┌──
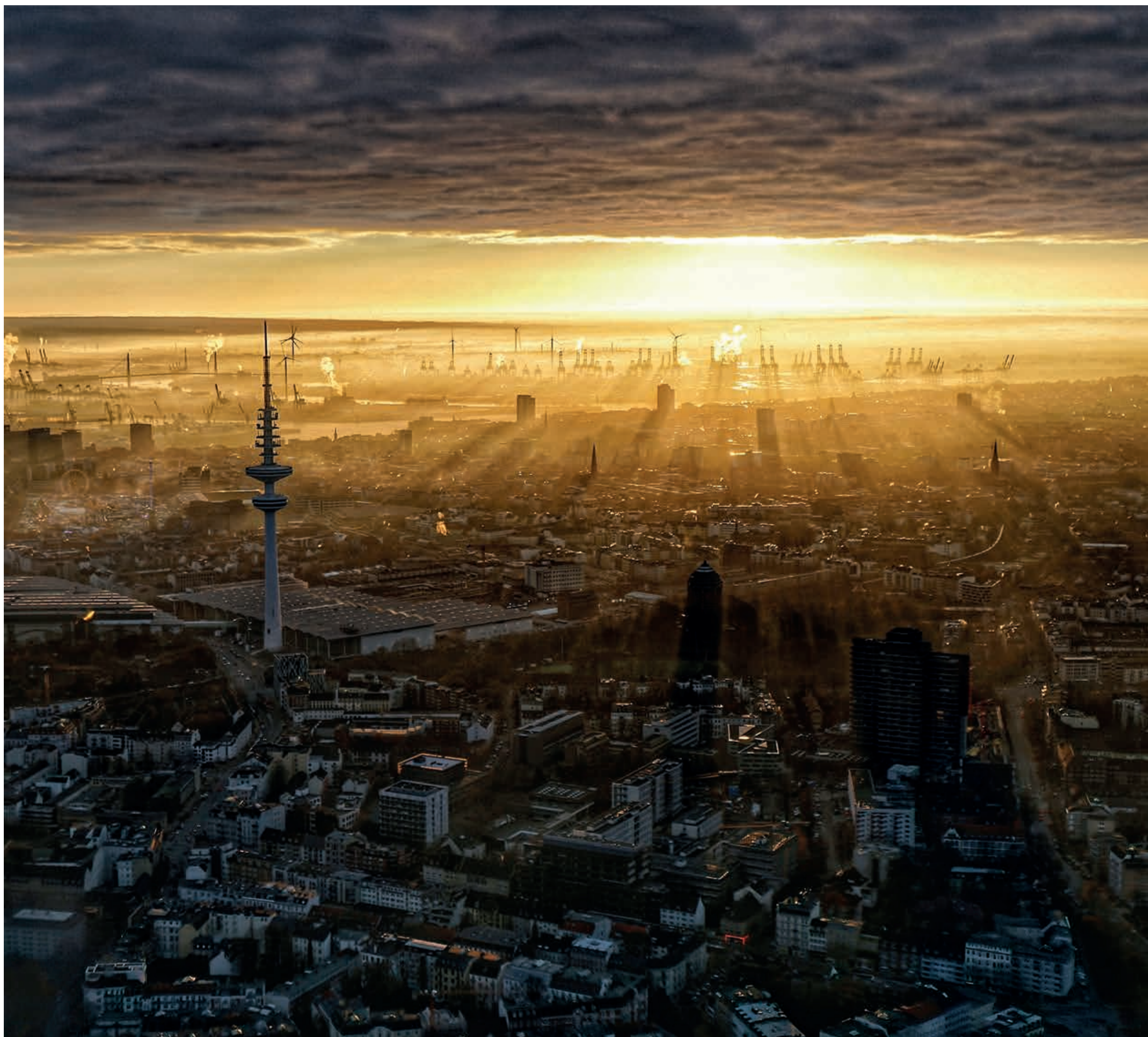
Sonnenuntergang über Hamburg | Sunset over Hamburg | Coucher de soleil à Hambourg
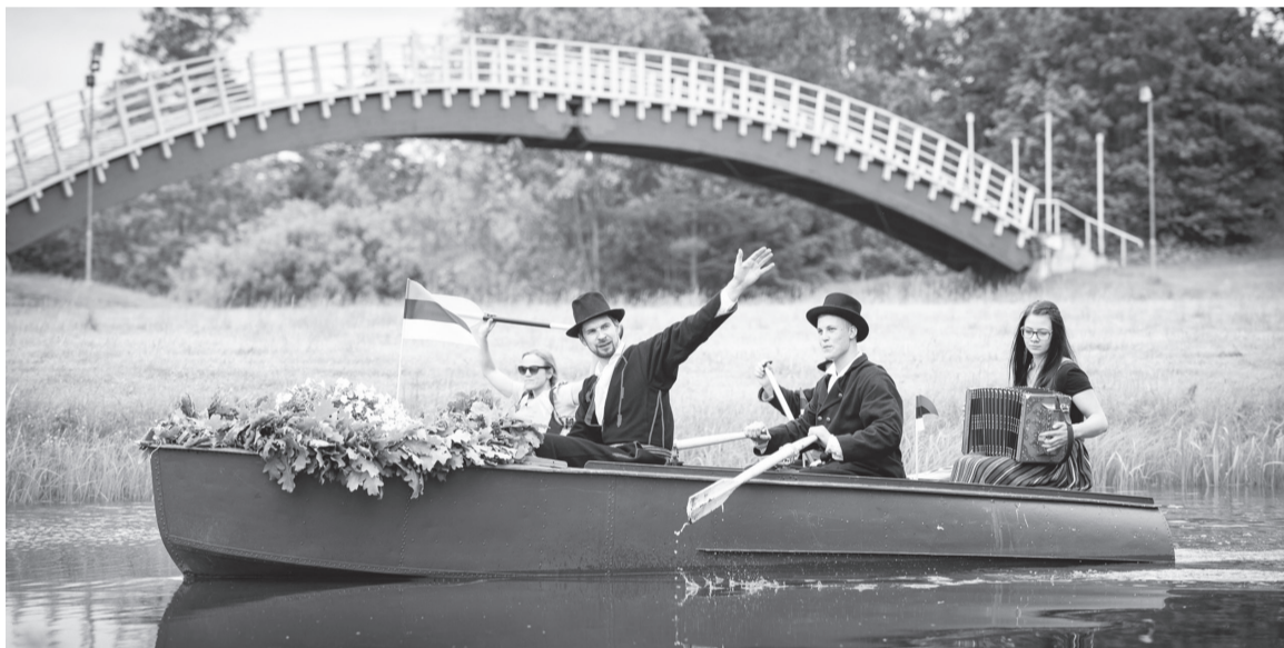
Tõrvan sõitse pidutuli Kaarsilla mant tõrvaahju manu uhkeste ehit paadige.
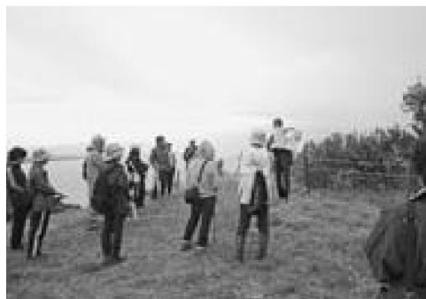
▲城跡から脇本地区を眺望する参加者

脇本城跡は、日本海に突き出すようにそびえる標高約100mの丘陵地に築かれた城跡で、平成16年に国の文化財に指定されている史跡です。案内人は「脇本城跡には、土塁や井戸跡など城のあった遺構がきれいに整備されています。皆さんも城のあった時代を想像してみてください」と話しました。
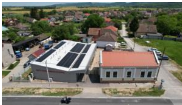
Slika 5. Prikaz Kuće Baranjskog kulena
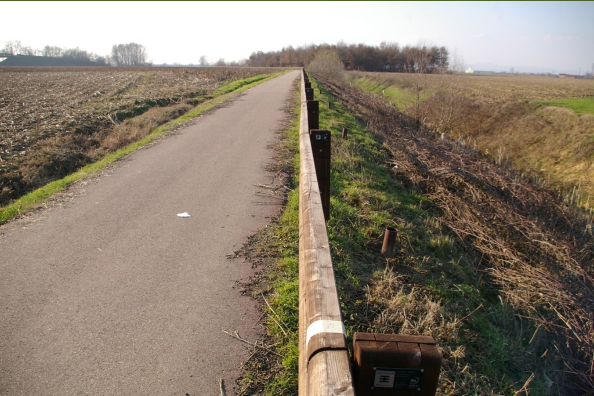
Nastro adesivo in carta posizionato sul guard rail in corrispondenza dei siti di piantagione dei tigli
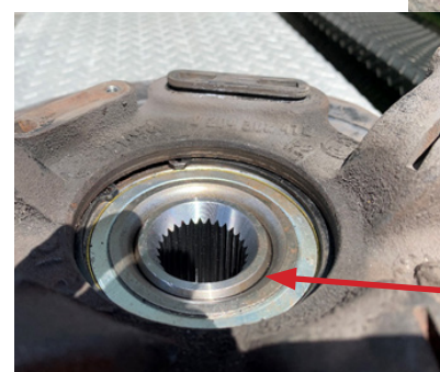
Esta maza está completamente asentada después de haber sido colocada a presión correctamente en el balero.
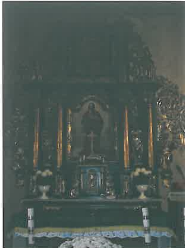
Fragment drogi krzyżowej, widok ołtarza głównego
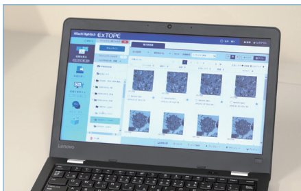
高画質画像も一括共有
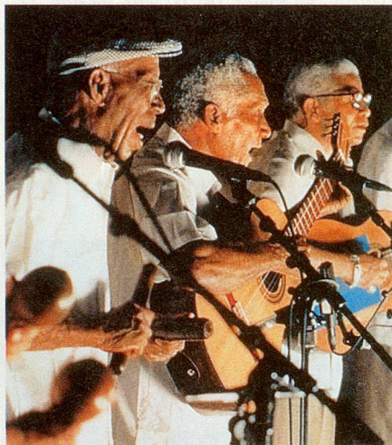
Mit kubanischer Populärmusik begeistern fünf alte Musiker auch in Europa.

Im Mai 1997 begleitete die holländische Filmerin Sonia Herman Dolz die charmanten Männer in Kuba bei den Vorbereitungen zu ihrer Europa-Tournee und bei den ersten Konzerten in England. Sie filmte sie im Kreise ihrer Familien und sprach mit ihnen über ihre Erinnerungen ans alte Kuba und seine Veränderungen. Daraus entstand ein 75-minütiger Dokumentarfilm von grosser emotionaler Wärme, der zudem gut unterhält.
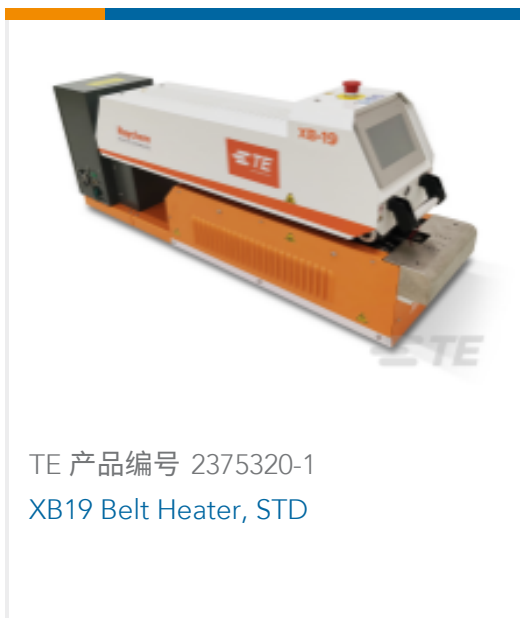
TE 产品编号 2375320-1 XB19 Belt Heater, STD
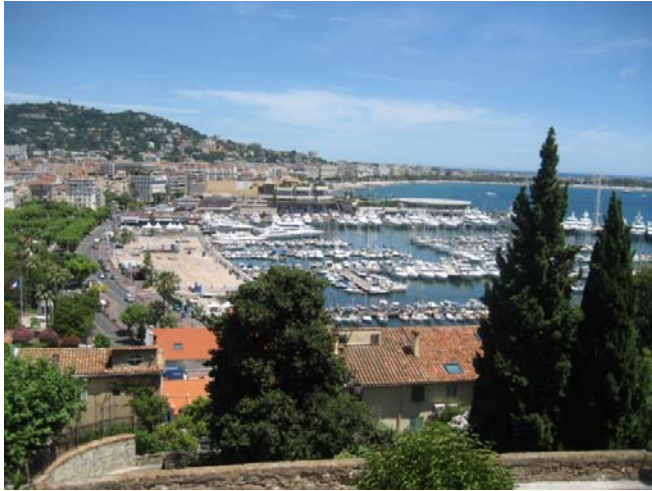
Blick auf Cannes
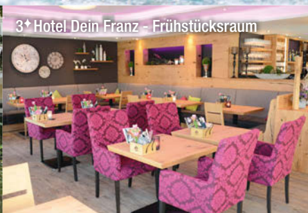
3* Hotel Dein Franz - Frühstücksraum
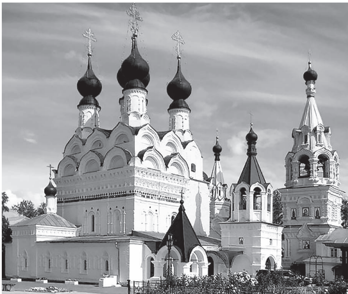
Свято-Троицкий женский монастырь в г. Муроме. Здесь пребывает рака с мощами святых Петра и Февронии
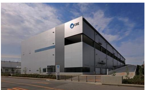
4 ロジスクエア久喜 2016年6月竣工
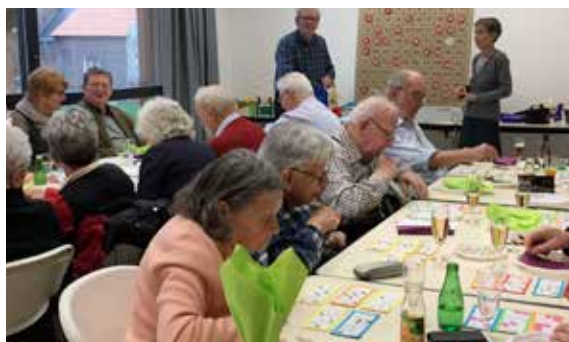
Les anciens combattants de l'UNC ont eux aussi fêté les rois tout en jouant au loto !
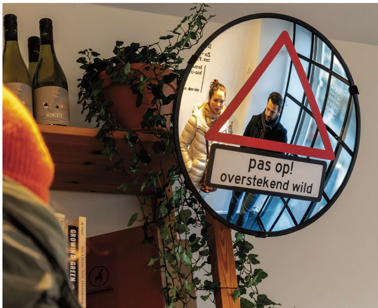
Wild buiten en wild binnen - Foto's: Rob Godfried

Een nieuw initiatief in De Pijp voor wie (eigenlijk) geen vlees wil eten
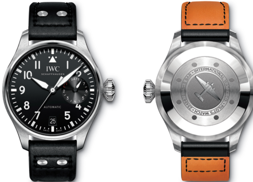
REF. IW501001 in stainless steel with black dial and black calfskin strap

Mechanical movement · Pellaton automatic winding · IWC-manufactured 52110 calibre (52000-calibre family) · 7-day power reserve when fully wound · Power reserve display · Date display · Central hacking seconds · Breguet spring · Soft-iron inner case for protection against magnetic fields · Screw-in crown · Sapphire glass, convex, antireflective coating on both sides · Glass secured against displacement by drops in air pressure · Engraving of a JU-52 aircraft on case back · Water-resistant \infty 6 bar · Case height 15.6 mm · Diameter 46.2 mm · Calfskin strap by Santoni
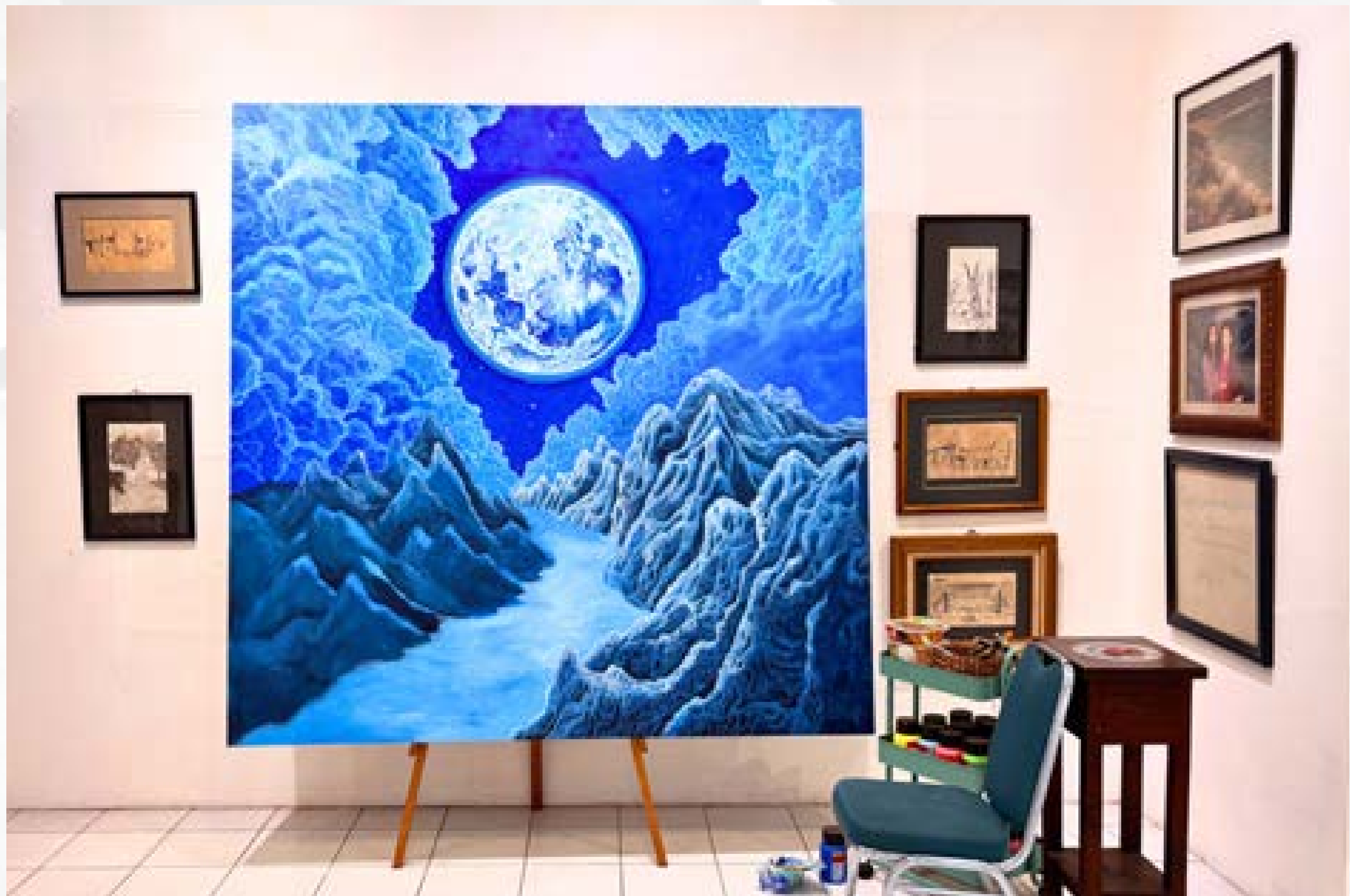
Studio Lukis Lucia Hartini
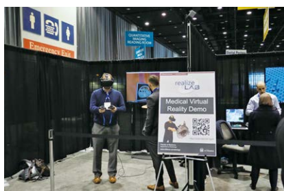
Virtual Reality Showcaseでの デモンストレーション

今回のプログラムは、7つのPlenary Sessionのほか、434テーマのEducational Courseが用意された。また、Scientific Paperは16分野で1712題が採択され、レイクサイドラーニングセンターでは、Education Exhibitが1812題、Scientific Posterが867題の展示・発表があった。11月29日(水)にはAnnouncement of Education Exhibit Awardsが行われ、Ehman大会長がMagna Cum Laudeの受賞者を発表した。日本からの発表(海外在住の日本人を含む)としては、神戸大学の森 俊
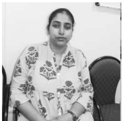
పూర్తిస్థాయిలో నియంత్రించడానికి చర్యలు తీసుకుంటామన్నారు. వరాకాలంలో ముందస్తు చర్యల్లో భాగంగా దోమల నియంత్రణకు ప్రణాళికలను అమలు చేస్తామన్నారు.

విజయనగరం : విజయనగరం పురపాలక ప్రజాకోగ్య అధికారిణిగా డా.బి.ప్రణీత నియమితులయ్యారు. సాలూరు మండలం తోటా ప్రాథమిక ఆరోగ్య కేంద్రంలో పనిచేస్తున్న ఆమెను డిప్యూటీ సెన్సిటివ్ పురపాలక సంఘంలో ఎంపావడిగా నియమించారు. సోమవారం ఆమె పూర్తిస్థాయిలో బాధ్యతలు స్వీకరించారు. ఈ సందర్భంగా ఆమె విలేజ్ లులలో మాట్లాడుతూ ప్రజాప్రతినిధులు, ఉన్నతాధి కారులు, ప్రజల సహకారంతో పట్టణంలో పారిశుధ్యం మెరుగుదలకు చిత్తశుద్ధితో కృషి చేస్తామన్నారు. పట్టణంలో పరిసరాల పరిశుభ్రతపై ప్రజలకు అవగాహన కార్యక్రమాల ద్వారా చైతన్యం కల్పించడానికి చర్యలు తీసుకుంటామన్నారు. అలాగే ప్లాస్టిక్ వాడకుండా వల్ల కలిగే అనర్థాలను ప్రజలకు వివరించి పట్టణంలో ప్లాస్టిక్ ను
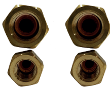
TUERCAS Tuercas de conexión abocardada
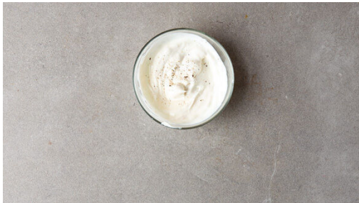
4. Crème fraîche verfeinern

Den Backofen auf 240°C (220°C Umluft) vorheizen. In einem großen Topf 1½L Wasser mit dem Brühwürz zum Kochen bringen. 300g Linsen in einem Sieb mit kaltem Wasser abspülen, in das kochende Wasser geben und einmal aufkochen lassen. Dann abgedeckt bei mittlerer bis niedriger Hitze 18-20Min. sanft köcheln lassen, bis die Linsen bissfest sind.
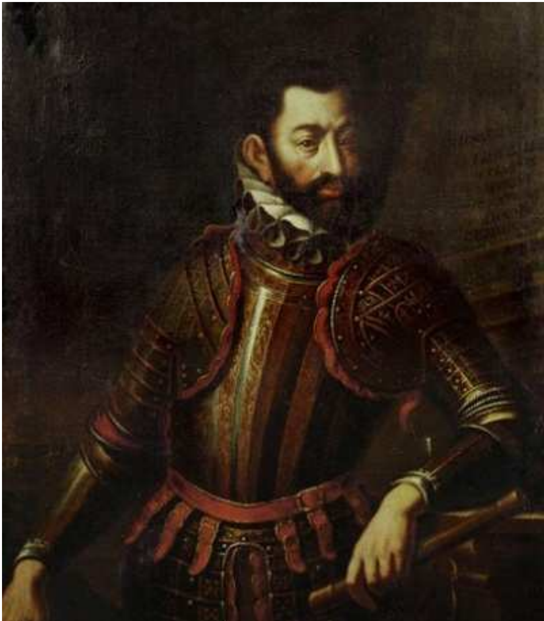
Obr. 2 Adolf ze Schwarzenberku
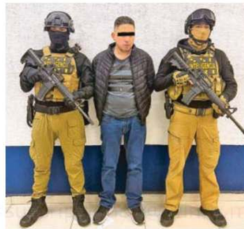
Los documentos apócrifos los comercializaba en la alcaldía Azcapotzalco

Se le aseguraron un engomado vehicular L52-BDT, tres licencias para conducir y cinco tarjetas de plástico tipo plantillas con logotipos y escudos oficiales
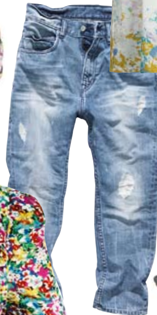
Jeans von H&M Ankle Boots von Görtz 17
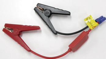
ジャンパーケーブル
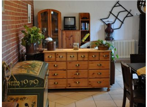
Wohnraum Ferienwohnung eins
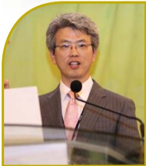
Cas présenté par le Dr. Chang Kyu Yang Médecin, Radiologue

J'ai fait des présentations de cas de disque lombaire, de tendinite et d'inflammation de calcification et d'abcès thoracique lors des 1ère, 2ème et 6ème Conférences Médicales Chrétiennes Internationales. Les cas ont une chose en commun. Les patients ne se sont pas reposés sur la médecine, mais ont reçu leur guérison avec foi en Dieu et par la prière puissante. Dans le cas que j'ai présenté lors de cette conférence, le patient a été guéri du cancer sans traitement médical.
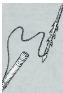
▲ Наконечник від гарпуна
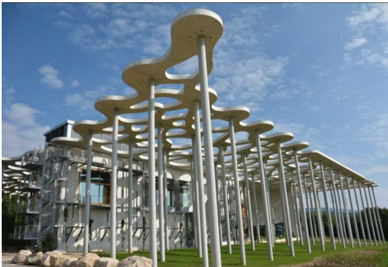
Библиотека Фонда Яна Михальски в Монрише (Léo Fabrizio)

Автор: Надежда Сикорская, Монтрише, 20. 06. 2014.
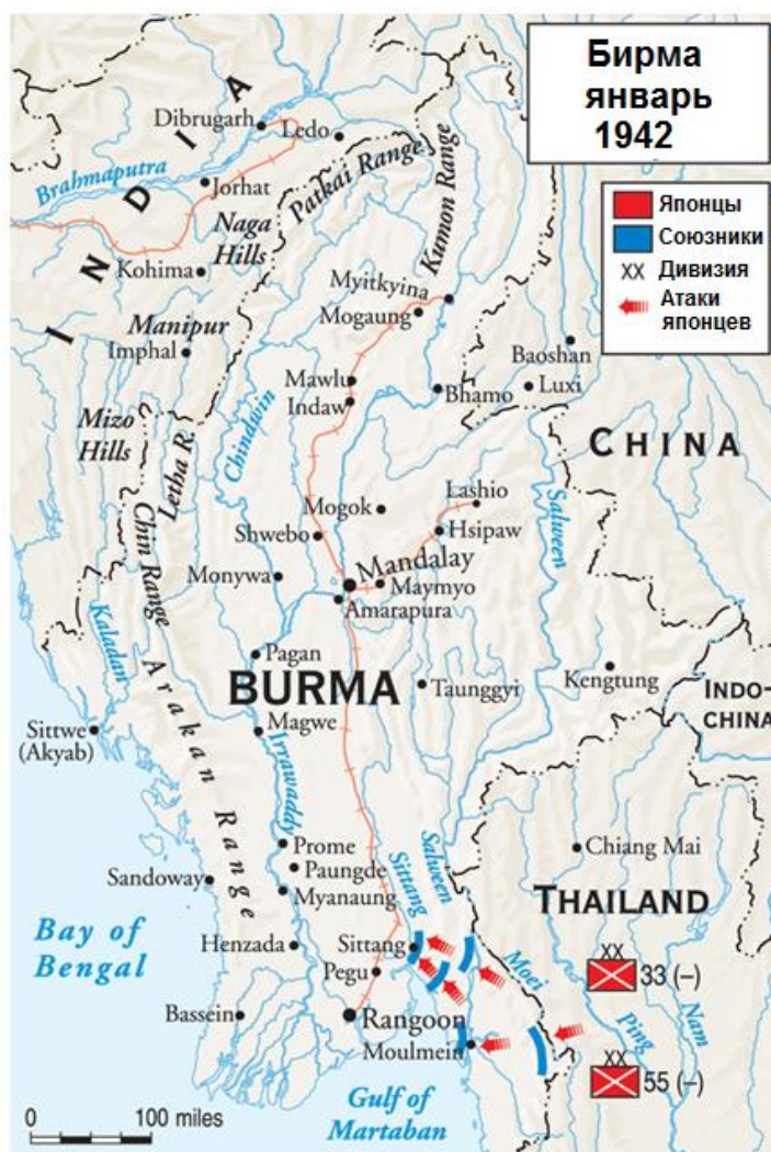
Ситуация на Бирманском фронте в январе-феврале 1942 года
└──
Only one stretch of the listing above is to be duplicated: the lines from the one containing "Свято-Троицкий женский монастырь" through the one containing "REF. IW501001 in", both included. Copy them exactly, minus the pictures.

### Written answer
Свято-Троицкий женский монастырь в г. Муроме. Здесь пребывает рака с мощами святых Петра и Февронии
4 ロジスクエア久喜 2016年6月竣工
Les anciens combattants de l'UNC ont eux aussi fêté les rois tout en jouant au loto !
Wild buiten en wild binnen - Foto's: Rob Godfried

Een nieuw initiatief in De Pijp voor wie (eigenlijk) geen vlees wil eten
REF. IW501001 in stainless steel with black dial and black calfskin strap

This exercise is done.